# Dog saves blind owner after fall onto subway tracks



## buddyrevell (Nov 13, 2013)

Had to share this beautiful story.

Cecil Williams And His Guide Dog, Orlando, Safe After Subway Track Fall In New York City

_The black Lab bravely leapt on to the tracks at a Manhattan subway platform Tuesday after his blind owner lost consciousness and tumbled in front of an oncoming train.
_

And looks like the man will be able to keep the soon to be retired guide dog as a pet, judging by the funds raised in sites like Indiegogo and GoFundMe. I just hope that those donations are in good hands, but I digress.


----------



## moggiemum (Mar 28, 2013)

beautiful lovely story i hope that man gets to keep his lovely dog when he retires


----------



## Toby Tyler (Feb 17, 2013)

I heard on tonight's news that he will get to keep the dog when he gets a new guide dog when Orlando retires in January.

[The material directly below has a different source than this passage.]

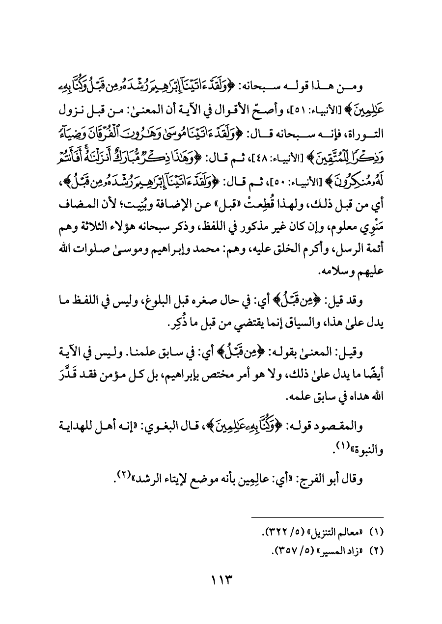 ومن هذا قوله سبحانه: {وَلَقَدْ آتَيْنَا إِبْرَاهِيمَ رُشْدَهُ مِنْ قَبْلُ وَكُنَّا بِهِ عَالِمِينَ} [الأنبياء: ٥١]، وأصحّ الأقوال في الآية أن المعنى: من قبل نزول التوراة، فإنه سبحانه قال: {وَلَقَدْ آتَيْنَا مُوسَى وَهَارُونَ الْفُرْقَانَ وَضِيَاءً وَذِكْرًا لِلْمُتَّقِينَ} [الأنبياء: ٤٨]، ثم قال: {وَهَذَا ذِكْرٌ مُبَارَكٌ أَنْزَلْنَاهُ أَفَأَنْتُمْ لَهُ مُنْكِرُونَ} [الأنبياء: ٥٠]، ثم قال: {وَلَقَدْ آتَيْنَا إِبْرَاهِيمَ رُشْدَهُ مِنْ قَبْلُ}، أي من قبل ذلك، ولهذا قُطِعتْ "قبل" عن الإضافة وبُنِيت؛ لأن المضاف مَنْوِي معلوم، وإن كان غير مذكور في اللفظ، وذكر سبحانه هؤلاء الثلاثة وهم أئمة الرسل، وأكرم الخلق عليه، وهم: محمد وإبراهيم وموسى صلوات الله عليهم وسلامه.

If he decides not to keep Orlando after he retires, he will go back to the family that trained him to be a guide dog. Lovely story all around.


----------



## moggiemum (Mar 28, 2013)

omg he has to keep in , but i suppose it is a job the dog does and didn't he do it well , can be very costly having an ageing dog i think this is what he was saying hecouldn't afford to keep two dogs,

my friend is registered blind and he has just qualified for a guide dog but not keen yet as he still wants to hang on to his independence

funny avatar TT


----------



## buddyrevell (Nov 13, 2013)

Toby Tyler said:


> I heard on tonight's news that he will get to keep the dog when he gets a new guide dog when Orlando retires in January.
> 
> If he decides not to keep Orlando after he retires, he will go back to the family that trained him to be a guide dog. Lovely story all around.


That family must be so proud. It would be a great reunion. Good to know that Orlando will enjoy his retirement in good hands, one way or another.


----------



## branwen (Nov 27, 2013)

Such a lovely story....hope he keeps him.


----------



## Purrfectlywoofly (Dec 29, 2013)

Nice story to hear


----------